Learning process
It’s been 10 months since we first arrived in Regina, and I have been learning a lot in those 300+ days so far..
I have learned that to get it all together sometimes you can’t just wing it. you can’t just skim over things either, or give it a rain check. Otherwise, you might be skating on the edge, getting ticked off for not getting the situation wrestled down. On the other hand, when things are not falling out the cracks and you don’t rock the boat to hard, then you get things worked out and looks like you are moving in a good direction. Things will not come back to bite you and you will be able even to go with the flow. You can tuck anxiety away and put support behind everything good that is going on. You start to feel less antsy and more comfy as the days pass by and then you now that you can nail things down as opposed to up in the air. You are golden.In this previous paragraph, I have used many of the expressions I have learned since I landed in Regina. They were all new to me, and I tried to repeat them as I learned them, trying to get hold of their meaning. Now I know what they all mean. At the same time, they are not new to you at all. Perhaps you had never even thought that they were colloquial expressions. Because I just mentioned them today, you started to think about them and why we even say things like “rain check” or “jump out of your skin.”

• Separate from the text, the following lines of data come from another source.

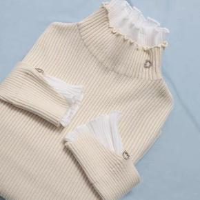 高领打底毛衣假两件套头蕾丝荷叶木耳边领上衣女202...
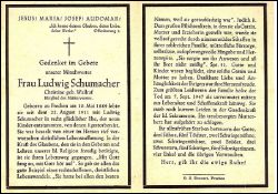 ∞ 22.08.1911 Ludwig Schumacher; 9 K., davon 1 †; Mitglies des Müttervereins; |
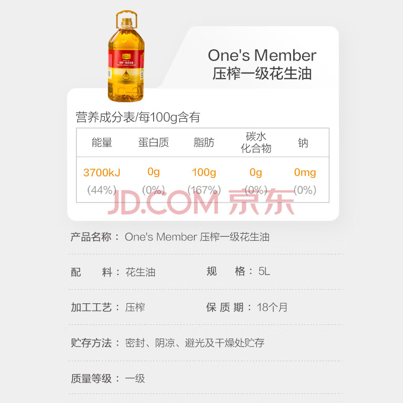 商品名称:1号会员店 【保真花生油】物理压榨一级花生油5L 食用油 充氮锁鲜春节佳礼

It’s Christmas again, and here we are, celebrating and reflecting on the date with all the traditional words, songs, decorations, and everything else that comes with it. Well… are we? Since we have Christmas every year, and since we’ve had lots and lots of previous Christmases, sometimes Christmas songs, messages, and reflections may become something we just breeze over and don’t even pay attention to anymore. They become daily expressions whose meaning we don’t tap into as often as we could.
Christmas is a time to remember again the coming of the Baby King. Not only to remember, but to believe, to study His word, to be close to Him. It’s a time to shake the dust of daily routine off, to get immersed in the Good News from Bethlehem that has come to our neck of the woods. The Savior, the Messiah King, who brings not generic hope or peace or best wishes, but the solution to our main problem: sin. He bridges the gap. He reconnects us by faith to God and to our neighbor so that we may live the message of Christmas as a daily conviction, a daily assurance, a daily message that we are prompted to witness not only with words, but especially with acts.

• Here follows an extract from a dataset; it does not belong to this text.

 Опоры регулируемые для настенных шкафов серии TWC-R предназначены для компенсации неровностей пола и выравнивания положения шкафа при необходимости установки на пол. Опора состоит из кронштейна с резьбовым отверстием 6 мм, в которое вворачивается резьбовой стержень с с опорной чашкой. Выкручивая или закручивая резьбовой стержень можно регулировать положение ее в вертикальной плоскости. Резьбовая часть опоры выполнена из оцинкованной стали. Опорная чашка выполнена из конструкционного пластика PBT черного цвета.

There is still an important detail to mention about my learning process: I needed to be here, immersed in the culture and the language, to listen to them, learn them, and be able to use them in my daily conversations. I would probably never have learned them back in Brazil.

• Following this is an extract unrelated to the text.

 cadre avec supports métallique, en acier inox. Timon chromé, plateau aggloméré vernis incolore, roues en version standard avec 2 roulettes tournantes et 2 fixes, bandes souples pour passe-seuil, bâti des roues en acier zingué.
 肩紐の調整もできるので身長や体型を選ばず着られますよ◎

We don’t need to wait for Christmas to come to learn, get immersed in the Word of God, and be fortified in our faith. This can be a daily habit of drilling down deep into the Holy Scriptures, having them as the norm and guide of our life, and as the fountain of forgiveness and blessings in our lives. From God’s Word, we receive the hope and peace that do not vanish in the morning of Box Day. It is a daily presence, a daily gift, a daily assurance of His love in Christ.
In Him, we know that no matter what happens, no matter what comes, there is no phony baloney that will put us spiritually under the weather. We have in Him a place to be comfortable. More than that, a place to be forgiven, cared for, and loved.